Insurer not entitled to hold back evidence of potential PI fraud

Facebook: Insurer should have disclosed evidence

An insurer was not entitled to hold back evidence that a claimant was a friend of the owner of the vehicle he collided with, hoping the claimant would lie about it in his witness statement, the High Court has held.

Mr Justice Johnson said that, when pleading fraud, a party must “set out the facts on which it relies, including the facts which show that the representation was false”.

Johnson J said AXA Insurance UK intended “from the outset” to rely on evidence that the owner of the claimant’s car and the defendant’s van were Facebook friends.

The “only reason for withholding the evidence until after the exchange of witness statements” was in the hope that the claimant, Fatjohn Kryeziu, would be caught out in a lie in his statement.”
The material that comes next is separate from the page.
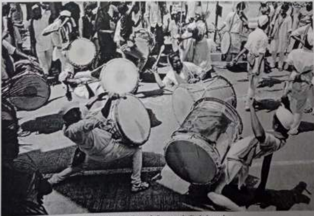
Shivaji Maharaj Jayanti Celebration

Johnson J said AXA accepted that “it should have been disclosed and does not suggest it was covered by privilege”; it had made a “deliberate decision to act in breach of a court order and the rules”.
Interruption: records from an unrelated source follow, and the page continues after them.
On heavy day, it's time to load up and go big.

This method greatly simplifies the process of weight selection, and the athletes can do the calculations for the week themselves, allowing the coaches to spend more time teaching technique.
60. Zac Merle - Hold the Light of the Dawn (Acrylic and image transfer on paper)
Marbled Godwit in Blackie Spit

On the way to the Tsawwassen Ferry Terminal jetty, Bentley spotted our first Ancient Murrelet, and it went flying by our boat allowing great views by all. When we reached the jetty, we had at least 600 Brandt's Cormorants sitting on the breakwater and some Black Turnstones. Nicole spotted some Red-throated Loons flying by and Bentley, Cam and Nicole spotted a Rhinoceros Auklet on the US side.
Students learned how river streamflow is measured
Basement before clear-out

The High Court heard that Mr Kryeziu alleged that in October 2018 Louis Fraser drove a white van from a side road into his car in Ilford, East London. He made a personal injury claim, as did the four passengers in the, car and AXA paid out damages of £44,214.
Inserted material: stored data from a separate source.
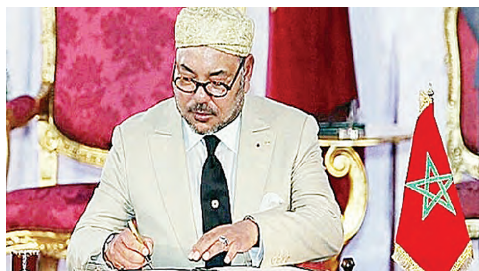
King Mohammed VI of Morocco.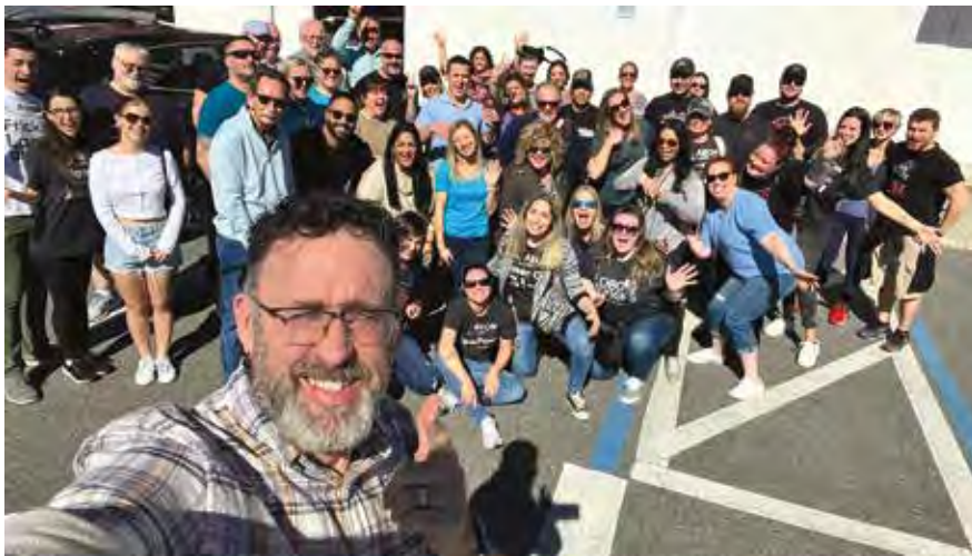
Aeon Partners on a tour of Aeon Laser USA HQ in Melbourne, FL

When you purchase an Aeon Laser, you instantly become part of our extended family. With 9600+ members, our online community has become a knowledge exchange, where successful business owners and laser enthusiasts can openly share their projects, ideas and experiences. Whether it's figuring out which markets to pursue or how to handle a late night distress call, you'll never have to go it alone.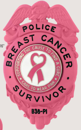
B38-PI 2 9/16" x 1 9/16" $87.00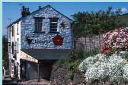
'Witches Galore', Newchurch

St Mary's Church gave the village its name, although the parish is still called Goldshaw Booth as it was 600 years ago. On the church tower is a stone known as the "Eye of God", which is said to observe those going to worship. The so-called witch's grave is of the wrong date, but the Devices admitted taking teeth from skulls in the churchyard. The body of the church dates from the 18th century, but it was first consecrated in 1544.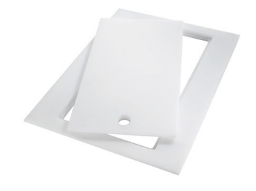
HPDE Twin chopping board

The insurer subsequently decided there had been no genuine accident and the claims were fraudulent, and brought proceedings in deceit and conspiracy.

After the respondents had committed themselves to an account in their witness statements. AXA sought permission to amend its case.

AXA settled its claim against the four passengers in Mr Kryeziu’s car in November 2022. They agreed to make payments to AXA, but without any admission of liability.

His Honour Judge Lethem refused AXA permission to amend, declared that the insurer was estopped from seeking adverse findings against passengers, and struck out the claim. AXA appealed against each of these orders.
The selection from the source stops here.